Por otra parte, el aforismo tiene una cualidad impregnante.
Logra permanecer en la conciencia, dejando un poso. Sería el
concepto de regusto (“sabor que queda de la comida o de la bebida”,
según el DRAE) trasladado a una dimensión intelectiva. El aforismo
deja algo y tras la lectura permanece como una leve huella, como un
leve depósito de sentido. Además, su carácter elusivo y reticente nos
reta como lectores y nos obliga a jugar, poniendo en movimiento
nuestra capacidad constructiva/creativa. El buen aforismo no es para
ser leído una sola vez, sino para volver sobre él, para extraer todo su
jugo en sucesivas relecturas. Y en este sentido activa una vez más
nuestra sensación de retribución –un principio primitivo de economía
psíquica: obtenemos a cambio de nuestro esfuerzo más que lo que
aparentemente se nos ofrecía. El lenguaje, las palabras, nos dan
más de lo esperado en condiciones normales de uso. Como es fácil
de
entender,
todas
estas
recompensas
están
íntimamente
relacionadas entre sí y conforman una constelación que actúa en
una misma dirección potenciándose mutuamente. Esa conjunción
explica además una de las características del aforismo que
ya
mencioné más arriba y a la que vuelvo en este tramo final. Me refiero
a su fuerza impresiva, su facilidad para ser retenido y evocado una y
otra vez. Es un enunciado que no está concebido para ser
almacenado/alojado sólo en el papel, sino para incorporarse a la
conciencia del receptor, para permanecer en la memoria. Son las
características solidarias de memorizable y memorable a las que
aludía Mangueneau, que activan ciertos automatismos psíquicos.

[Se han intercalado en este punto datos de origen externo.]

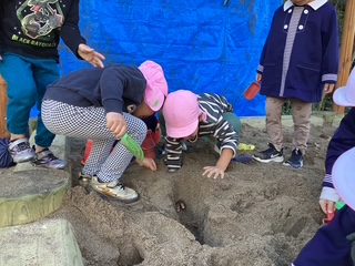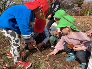 お芋掘りごっこをしたよ。大きなお芋が出てきたね!

Pero esta vez quiero volver a ellas para plantear desde lo que ellas
me sugieren y como cierre una propuesta controvertida, ciertamente
dudosa, y sin duda arriesgada, que atañe no sólo al aforismo, sino al
conjunto de las formas breves, que tanto auge han alcanzado en los
últimos años. La propuesta puede enunciarse como una pregunta
con respuesta abierta. ¿Podríamos vincular el éxito de las formas
breves con el surgimiento de una nueva oralidad? ¿Está vinculado a
una cultura en la que predominan formas de comunicación que se
aproximan cada vez más a la expresión oral? Ya sé que el postular
que vivimos en una nueva oralidad parece ir en contra de toda
evidencia. Nunca en una sociedad como la nuestra ha habido una
mayor alfabetización y la escritura se generalizado hasta extremos
desconocidos en otras épocas. Pero no deberíamos dejarnos llevar
por las apariencias: lo oral predomina sobre la escritura. Pero no
solamente porque los nuevos medios de comunicación masiva –tv,
cine, radio, vídeo- son predominantemente orales y visuales, sino
porque en aquellos otros en los que no sucede así y la escritura
sigue teniendo un gran peso –pienso en internet, por ejemplo- lo
escrito se asimila cada vez más a lo oral. O, dicho de otra forma, lo
oral coloniza la escritura y condiciona su forma y su función. Entre
otras cosas, destruyendo el concepto de texto, desmembrándolo y
atomizándolo. Convirtiéndolo en una sucesión de secuencias
relativamente autónomas, sin complejas relaciones de subordinación
y jerarquización. No estoy haciendo un juicio de valor –sería absurdo
negar valor a la cultura oral-, sino señalando que el auge de las
formas breves tal vez tenga algo que ver con las formas de
pensamiento y expresión que propicia esta nueva oralidad. Y esto no
es ni malo ni bueno; simplemente es. O al menos a mí me lo parece
y creo que merece la pena reflexionar sobre ello.